Spacetop is cancelled by Sightful, and the PC software for Xreal Air Ultra has been refocused.


Sightful has canceled Spacetop G1 and says it will refund all preorder deposits.

Spacetop G1 was set to be a screenless laptop with built-in Xreal Air 2 Ultra AR glasses, priced at $1900. It would have been powered by Qualcomm’s Snapdragon 8 Gen 2 chipset, running Sightful’s proprietary Spacetop OS operating system.

Sightful has emailed everyone who preordered Spacetop G1 to offer them a refund of their $100 deposit, and the company will no longer be shipping hardware at all, as it first confirmed to CNET.

Spacetop G1: Upgraded Screenless Laptop With AR Glasses

Spacetop G1 replaces the screen of traditional laptops with floating virtual screens via built-in Xreal AR glasses.

Instead, Sightful plans to build AR system software using Xreal Air 2 Ultra on Windows laptops with an NPU, meaning those with Qualcomm Snapdragon, Intel Core Ultra, or AMD Ryzen AI chipsets.

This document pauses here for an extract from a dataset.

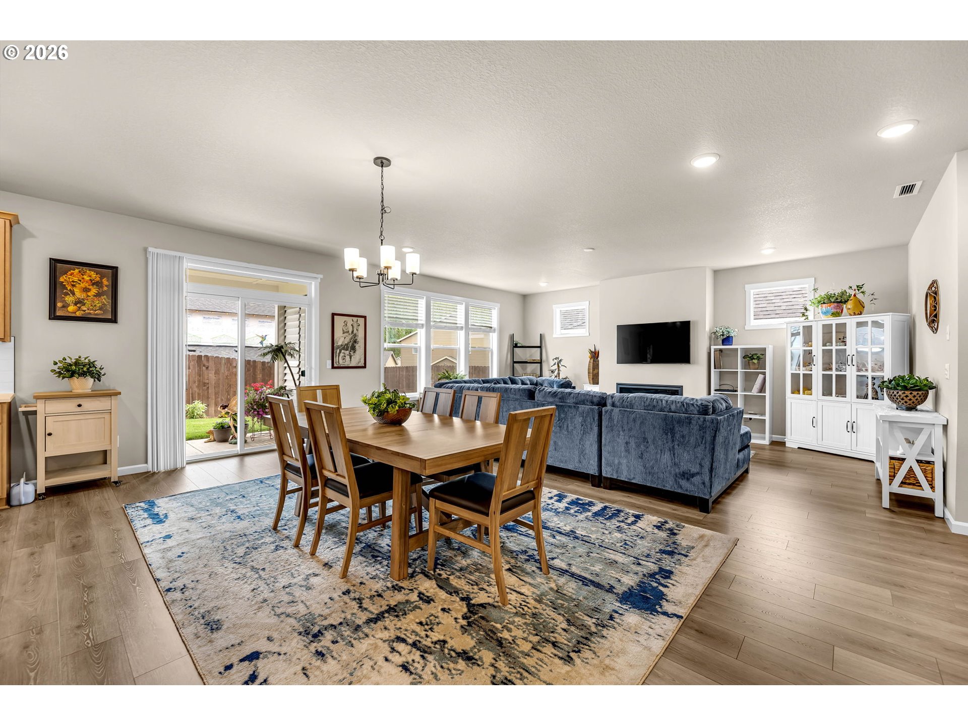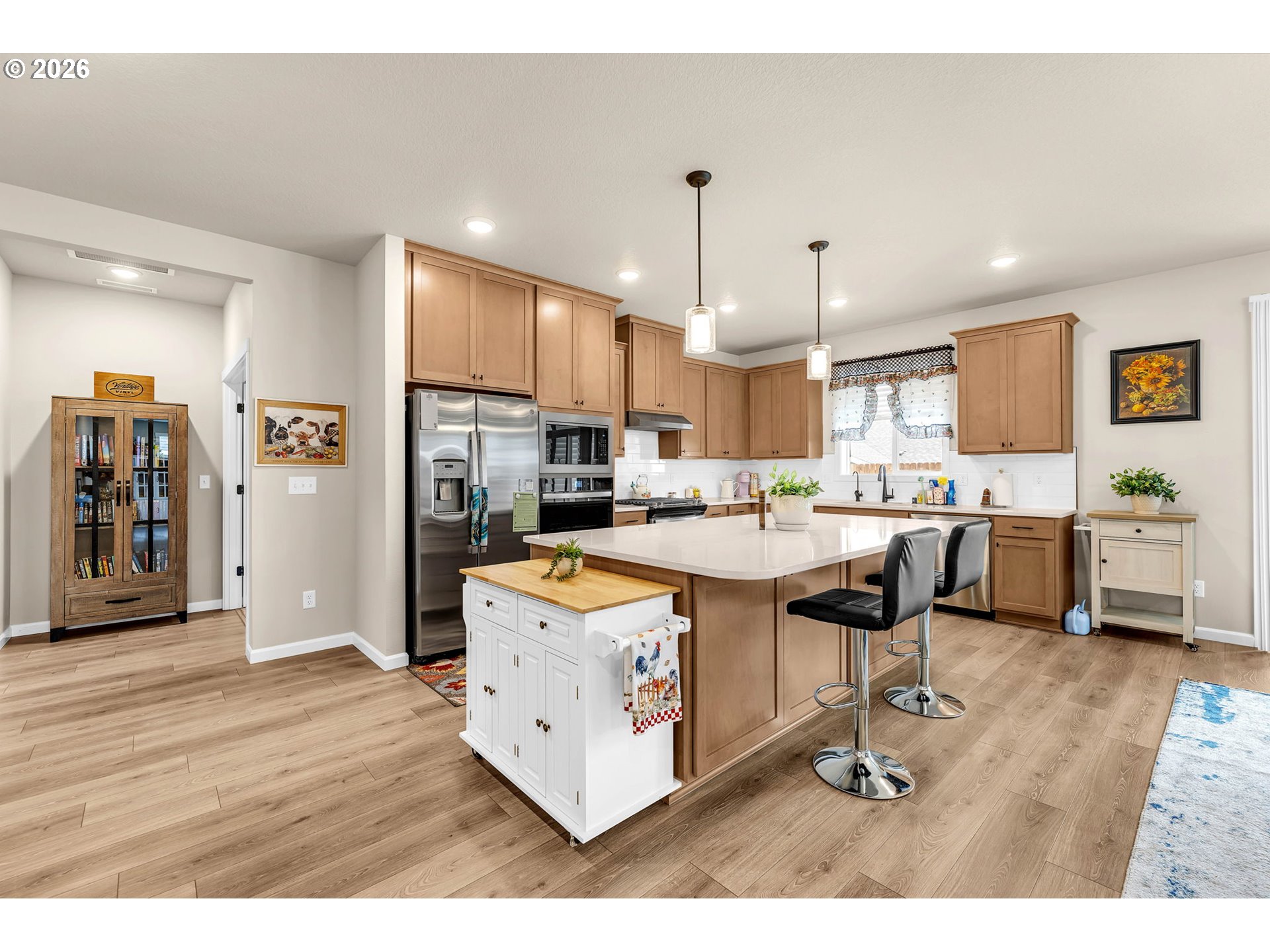 - Stylish, Spacious Single-Level Living with Premium Upgrades!This beautifully designed 4-bedroom home delivers the perfect blend of efficiency, comfort, and upscale finishes, all on one level. Featuring a rare 3-car garage and an expansive covered patio, this property is built for both everyday living and effortless entertaining. Inside, enjoy 9-foot ceilings, durable laminate plank flooring, and an open-concept layout centered around a sleek linear gas fireplace. The chef’s kitchen stands out with quartz slab countertops, full-height subway tile backsplash, stained cabinetry, under-cabinet and pendant lighting, and stainless steel gas appliances with a built-in wall oven. Recent upgrades include a top-tier Culligan water softener, enhancing long-term system performance and water quality. Bathrooms feature tile flooring, while the primary suite offers a spa-inspired retreat with a tiled walk-in shower. Additional highlights include a functional laundry room with sink and cabinetry, plus a fully landscaped backyard with plantation shutters for added privacy. Low-maintenance, high-comfort living homes like this don’t sit long. Schedule your showing today.

This software will take the canceled hardware’s name Spacetop, and continue the spatial computing concept of Spacetop OS. But rather than just spawning floating web browser windows, it will now spawn Windows applications from your laptop.

The idea is that once you have the Spacetop Windows software installed, you just connect the Xreal glasses via USB-C to your laptop, with the laptop providing both power and compute, and everything should work automatically.

Xreal glasses already support showing your Windows laptop’s screen as a head-fixed virtual monitor, but Spacetop software will apparently allow both 6DoF positional tracking and spawning of multiple Windows applications in space, not confined to a screen paradigm.

Sightful’s founders Tamir Berliner and Tomer Kahan, both ex-Magic Leap executives, say the decision to shift strategy was taken because laptops getting NPUs now mean they can run 6DoF tracking without compromising performance and battery life. The ability to create an AR workspace on a Windows laptop, or the laptop that you are planning to purchase, opens up a wider market. A Chromebook with no screen would cost $1200 (minus the glasses), and you wouldn’t be able to see the entire display. You can only view all floating windows simultaneously if you are several meters from them. This was also the case in

which featured a similar field of vision. You’ll need to keep your eyes on the screen more frequently than you would with a physical monitor. The current tradeoff between transparent AR and opaque headsets that have passthrough cameras is this, so

has been lauded for solving the problem – although review of Nreal Light will not be mass produced anytime soon.